If there is no alternative to our course of action--if we can't control what we do, or what we think---what's the point of questioning? How can you have a question without doubt? How can you have doubt if your consciousness is automatic and incapable of deviating from whatever your surroundings deterministically program into it?
So you've worked this out for yourself and didn't swallow second hand information unchewed. Congratulations.
You and your scientists have managed to not only throw out the baby. You actually managed to throw out the bathwater too. Don't let anyone tell you that theoretical neuroscience is philosophically useless. Look at what they can achieve when they don't let common sense get in their way!!!
The brain isn't conscious. It's grey matter and electro-chemical circuits.

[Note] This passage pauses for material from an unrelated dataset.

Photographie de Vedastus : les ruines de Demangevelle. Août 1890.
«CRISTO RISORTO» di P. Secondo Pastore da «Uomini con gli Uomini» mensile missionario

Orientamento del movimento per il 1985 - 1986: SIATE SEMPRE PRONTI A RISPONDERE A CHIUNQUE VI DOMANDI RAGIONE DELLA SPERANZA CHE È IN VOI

Consciousness is not the brain; consciousness is that 'top layer' you so casually dismissed as irrelevant in a conversation about... consciousness.

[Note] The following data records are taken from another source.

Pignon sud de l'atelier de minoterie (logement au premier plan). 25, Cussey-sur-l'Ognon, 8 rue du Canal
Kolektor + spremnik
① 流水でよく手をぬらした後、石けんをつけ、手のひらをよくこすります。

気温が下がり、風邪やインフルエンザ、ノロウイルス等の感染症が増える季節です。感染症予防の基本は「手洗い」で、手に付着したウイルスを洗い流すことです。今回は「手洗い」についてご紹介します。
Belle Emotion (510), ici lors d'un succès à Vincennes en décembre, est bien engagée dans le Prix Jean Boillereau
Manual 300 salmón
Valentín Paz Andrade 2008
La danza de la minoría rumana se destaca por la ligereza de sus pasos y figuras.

With scientists like this, who needs witch doctors?
If it's not the conscious mind deciding, it's not a decision. It's just a mechanistic reaction. The whole concept of decision depends on the concept of free will. If there's no free will, there are no decisions.

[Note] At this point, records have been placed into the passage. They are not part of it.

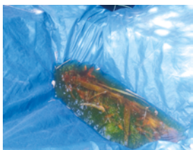
Poches d'eau dans les bâches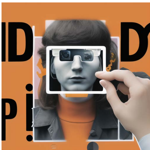
Figure 2. Digital redesign of Dada art 图 2. 达达主义艺术品数字化再设计 ②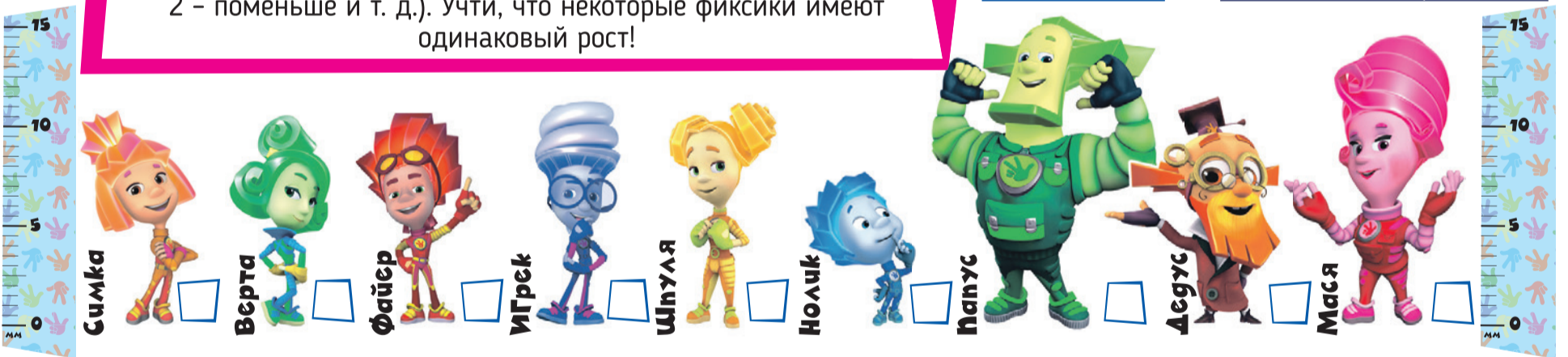
Филворд. Телеграмма, бандероль, открытка, письмо, посылка. Кто самый высокий? Панус, Маша, Игрек и Шнуля, Дедус и Симка, Файер, Верта, Нолик.

Посылки на почте измеряют и взвешивают. Расставь фиксиков по росту и подпиши цифрами (1 - самый высокий, 2 - поменьше и т. д.). Учти, что некоторые фиксики имеют одинаковый рост!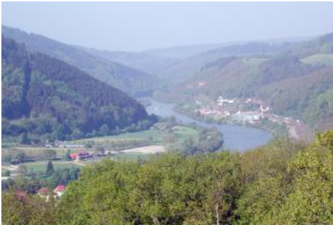
Neckartal unterhalb von Eberbach

Ausgehend von einer alttertiären Flachlandschaft erhielt das Gebiet mit dem fortschreitenden Einsinken des Oberrheingrabens und der kräftigen Heraushebung der Grabenränder im Pliozän allmählich seine heutige Gestalt. Neckar und Main, die im Untermiozän noch relativ kleine Rheinnebenflüsse waren, mussten sich in das aufsteigende Gebirge einschneiden. Dies gelang ihnen v. a. deshalb, weil sie durch rückschreitende Erosion im Laufe des Jungtertiärs große Teile des Donau-Flusssysteme anzapfen und umlenken konnten, wodurch sich die Abflussmenge stark erhöhte (Villinger, 1998; Simon, 2010; Eberle et al., 2017). Am Ende des Tertiärs waren die Lage der Muschelkalk-Schichtstufe am Rand des Odenwalds und der Verlauf der Durchbruchstäler von Neckar und Main weitgehend festgelegt.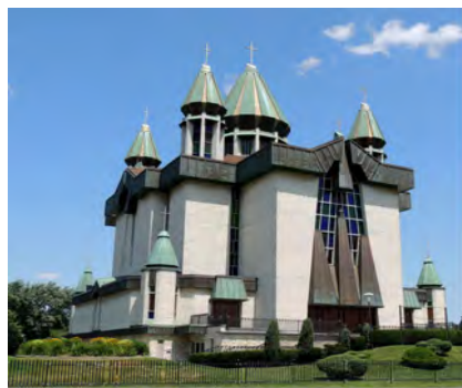
Церква Пресвятої Богородиці в Місісага, Канада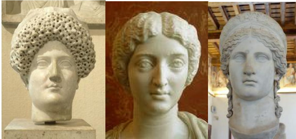
Rys. 7. Przykłady fryzur rzymskich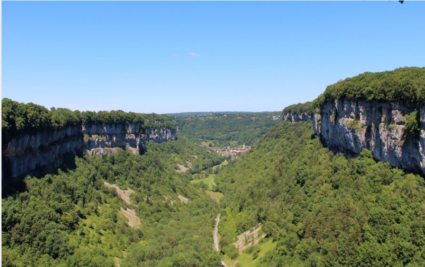
Baume-les-Messieurs depuis le belvédère de Crançot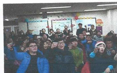
비콘의 빛나는 밤, 송년회 실시하다! 일시: 2017년 12월 22일 장소: 베네스트 비콘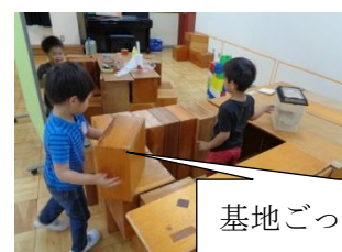
基地ごっこ （持つ・運ぶ・積む）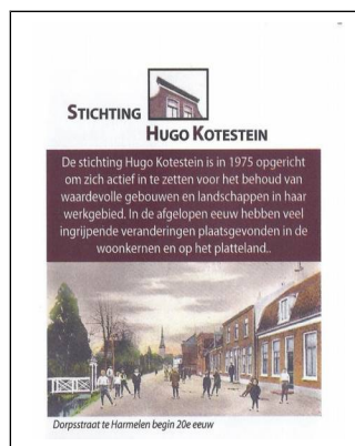
Voorzijde folder werkgroep Harmelen van St. Hugo Kotestein

Evenals in de voorgaande jaren hebben leden van de werkgroep Harmelen een initiërende en uitvoerende rol gespeeld bij de jaarlijkse Open Monumentendag in september en de daaraan gerelateerde klassendag. Dit jaar was het thema "Reizen". Er is een specifieke folder beschikbaar over werkgroep Harmelen van Stichting Hugo Kotestein. Deze folder kan bij evenementen worden meegenomen of na aanvraag worden toegezonden.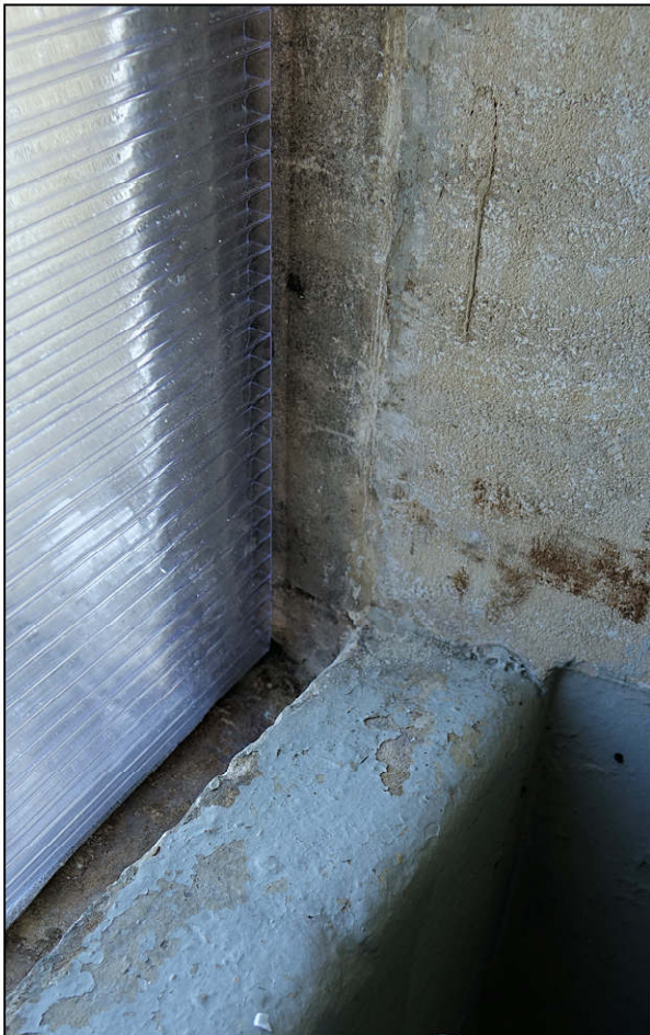
Fig. 3.4. Allège (appui)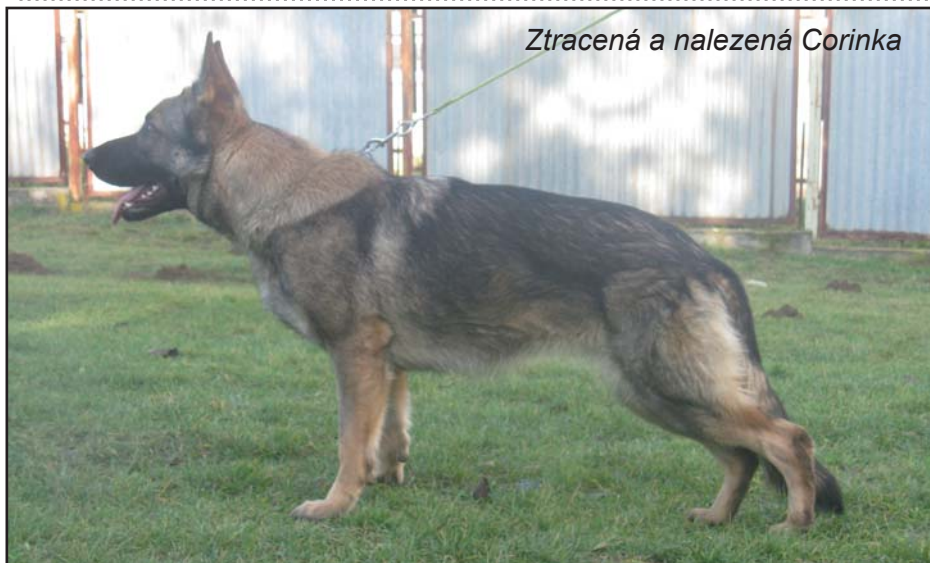
Ztracená a nalezená Corinka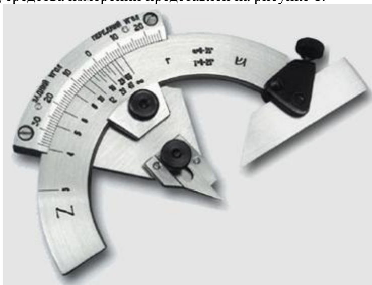
Рисунок 1 – Общий вид прибора 2УРИ

Общий вид средства измерений представлен на рисунке 1.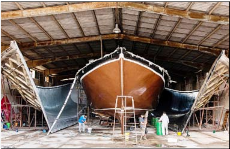
قاب روز ساخت لنج فایبر گلاس - بوشهر

این نامه اخلاق حرفه‌ای «تجارت» را در سایت روزنامه ببینید.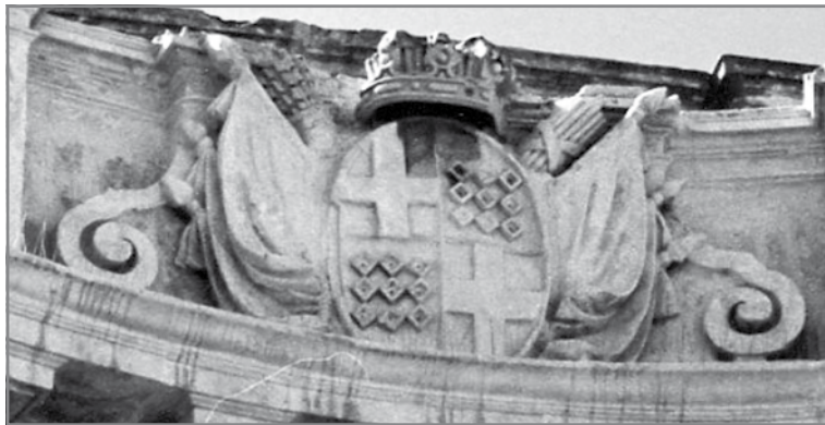
Dettall mill-funtana ta' Pjazza San Ġorġ Valletta

Iċ-ċerimonja tal-inawgurazzjoni ta' din l-arkata saret f'jum San Filep, fit-12 ta' Mejju 1798, meta l-Gran Mastru De Rohan kien ilu mejjet qrib sena. Dawn iż-żewġ Gran Mastri, de Rohan u Von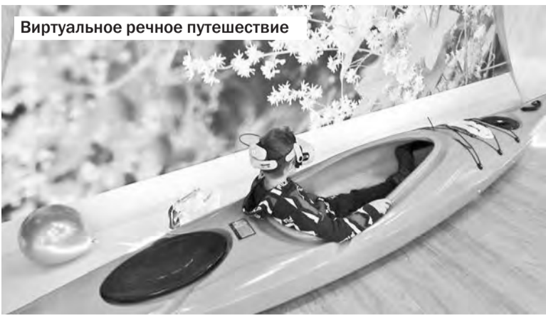
Виртуальное речное путешествие

Здесь всегда очередь от желающих сфотографироваться на память – от малышей в колясках до бабушек и дедушек! А ещё здесь можно найти подарки под ёлкой и даже написать письмо зимнему дедушке!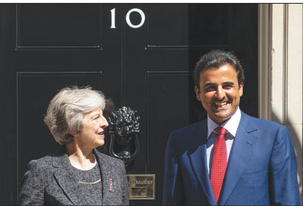
رئيس الوزراء البريطانية تيريزا ماي لدى استقبالها أمير قطر الشيخ تميم بن حمد آل ثاني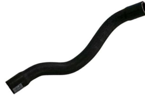
شیلنگ خروجی بخاری

Why are we discussing these crazy things called decisions again? Or, right. Because we there's no such thing as free will.
'Science' can't even tell the difference between an organic computer and the computer's operator.
A reaction is not a decision. Emotions play the role of instinct in humans. They are automatic responses based on the content of the sub-conscious, whose content was moderated by the effort of the conscious mind. If you taught your sub-conscious that snakes were soft and cuddly and innocuous like a baby, you wouldn't have a fight or flight reaction. I'd love to know how you're going to respond to a snake when you have zero knowledge of their nature. At most, you'd be responding to your ignorance of the situation, which will either be cautiously fearful in the case of someone who tends not to presume, or doltishly naive in the case of someone who has never learned to be concerned when they don't know what the hell is going on.
Your hypothetical person doesn't exist. Humans don't have instinct, i.e. automatic knowledge.
So how about you pay attention to it?
My point had nothing to do with the priority of existence over consciousness. My point was that you cannot learn the identity of the information in the book without making the effort to do so. Human consciousness is volitional, which means that it is not automatic. It requires the subject to actively initiate cognition, which is the true locus of free will: the choice to be conscious, or not.
If it were automatic, determined, instinctual, you would not have to do a damned thing.
I didn't call it reactionary. I said it doesn't exist in a vacuum. Having the ability to choose doesn't mean that your options are limitless, so limitless options couldn't possibly be a condition for the existence of volitional consciousness.
So, how is free will invalidated on account of it being 'just' cause and effect? Free will is supposed to be exempt from causality to be valid? You mean for it to exist, it has to not exist? I'm not aware of any phenomenon in reality that is acausal, but I'm sure you'll come up with some cutting edge horse**** to 'educate' me with.